> **Problem details**: Print exactly the line that contains "Poubelle en Métal", then every following line through the end of the material; include nothing else and no pictures.

> **Data provided**:
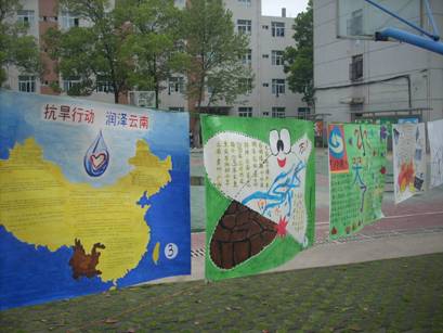 中午,由我系同学亲手制作的30幅手抄报作品在校园中展出,倡议我校同学为西南旱情做出自己应有的贡献。
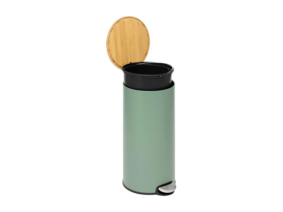 Poubelle en Métal & Bambou "Natureo" 30L Vert
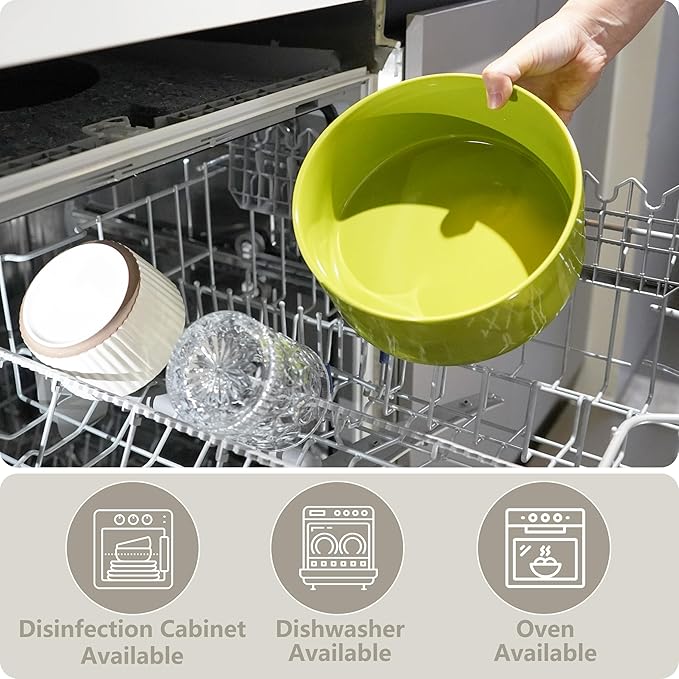 - 【Easy to Clean】Removable and Dishwasher Available — Our ceramic dog bowls are ideal for both dry and wet food, easy to clean and dishwasher safe. The smooth ceramic surface is easy to wipe clean. This makes maintaining a hygienic feeding area simple and hassle-free, ensuring your pet always has a clean dog feeding station for their meals.

> **Expected answer**:
 Poubelle en Métal & Bambou "Natureo" 30L Vert
 - 【Easy to Clean】Removable and Dishwasher Available — Our ceramic dog bowls are ideal for both dry and wet food, easy to clean and dishwasher safe. The smooth ceramic surface is easy to wipe clean. This makes maintaining a hygienic feeding area simple and hassle-free, ensuring your pet always has a clean dog feeding station for their meals.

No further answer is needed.